Luciano, sin embargo, no podía soñar con rebelarse y pensaba que estaba condenado a vivir bajo el arcaico régimen de Masseria. Para deshacerse de un jefe molesto no bastaba con asesinarlo; había que tener muchos y sólidos apoyos para sobrevivir a la guerra que se desataría a continuación. Luciano era joven y no tenía esos apoyos. El dinero era el único consuelo. Aquella situación podría haberse prolongado durante muchos años, pero Luciano no era el único a quien molestaba la presencia de Masseria.

– Los castellammarese

Castellammare del Golfo es un pueblo siciliano, bautizado así por el castillo que se erige en el extremo de un saliente de tierra que divide en dos el puerto pesquero; el castillo preside una especie de cuerno que nace del centro justo de la balconada al mar de aquella diminuta ciudad.

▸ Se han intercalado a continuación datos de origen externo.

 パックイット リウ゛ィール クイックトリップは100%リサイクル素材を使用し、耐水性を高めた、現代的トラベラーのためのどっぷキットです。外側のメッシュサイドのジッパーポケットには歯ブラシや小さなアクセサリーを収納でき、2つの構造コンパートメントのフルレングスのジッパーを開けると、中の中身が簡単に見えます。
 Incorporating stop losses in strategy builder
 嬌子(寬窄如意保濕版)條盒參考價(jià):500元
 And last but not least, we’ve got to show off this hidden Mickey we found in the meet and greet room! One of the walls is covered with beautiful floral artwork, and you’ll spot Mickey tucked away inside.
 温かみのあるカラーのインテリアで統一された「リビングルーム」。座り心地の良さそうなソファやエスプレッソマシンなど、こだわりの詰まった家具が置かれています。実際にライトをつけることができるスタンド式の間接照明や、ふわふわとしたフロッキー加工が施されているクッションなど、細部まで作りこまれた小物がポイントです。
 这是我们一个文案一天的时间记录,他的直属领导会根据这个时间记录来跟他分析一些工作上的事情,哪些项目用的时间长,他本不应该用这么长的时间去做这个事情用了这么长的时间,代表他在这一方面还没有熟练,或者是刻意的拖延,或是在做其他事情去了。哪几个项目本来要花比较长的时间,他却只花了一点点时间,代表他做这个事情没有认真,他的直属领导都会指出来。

Aunque, más que castillo es un modesto y robusto fuerte costero; ya se sabe que en los pueblos tienen tendencia a engrandecer mediante el nombre lo que es humilde por sus hechuras. Con todo, Castellammare es una población grande, al menos para los estándares sicilianos.

Sus pintorescas casas se escalonan a lo largo de una red de callejuelas siempre ascendentes, porque la población creció sobre los faldones de la imponente montaña que preside el paisaje. Hoy, en pleno siglo XXI, es un resorte de vacaciones de asombrosa belleza, una pintoresca media luna que abraza un mar siempre azul a la sombra de una montaña siempre verde.

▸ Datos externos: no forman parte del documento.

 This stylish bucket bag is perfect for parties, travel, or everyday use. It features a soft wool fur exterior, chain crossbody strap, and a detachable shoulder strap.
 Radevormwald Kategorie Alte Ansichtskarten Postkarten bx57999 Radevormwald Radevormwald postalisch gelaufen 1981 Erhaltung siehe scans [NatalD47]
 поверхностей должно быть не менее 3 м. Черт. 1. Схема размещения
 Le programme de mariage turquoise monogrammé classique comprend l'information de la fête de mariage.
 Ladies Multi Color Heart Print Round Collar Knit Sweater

Una ciudad de postal, en una bahía enmadrada por un golfo y flanqueado de numerosas playas, calas y caletas que son material de primera clase para fotografías e incluso lienzos. Castellammare del Golfo, hoy, tiene incluso un puerto deportivo.

Castellammare del Golfo
Años veinte: Castellammare del Golfo en fiestas.

En los años veinte las cosas eran distintas.

Aunque bella, era también una ciudad problemática.

Como casi todas en Sicilia, estaba consumida por la pobreza y el oscurantismo.

Sus calles de piedra estaban teñidas de sangre, habitadas por sombras y fantasmas que guardaban incontables secretos.

Una buena parte de  los varones de Castellammare estaban, habían estado o iban a estar alguna vez en la cárcel.

Otros habían muerto en “vendettas” y tiroteos enmarcados en las constantes guerras mafiosas entre clanes rivales.

Y otros más se habían marchado al extranjero huyendo de un incierto destino que sólo conocía dos finales: la celda o la tumba.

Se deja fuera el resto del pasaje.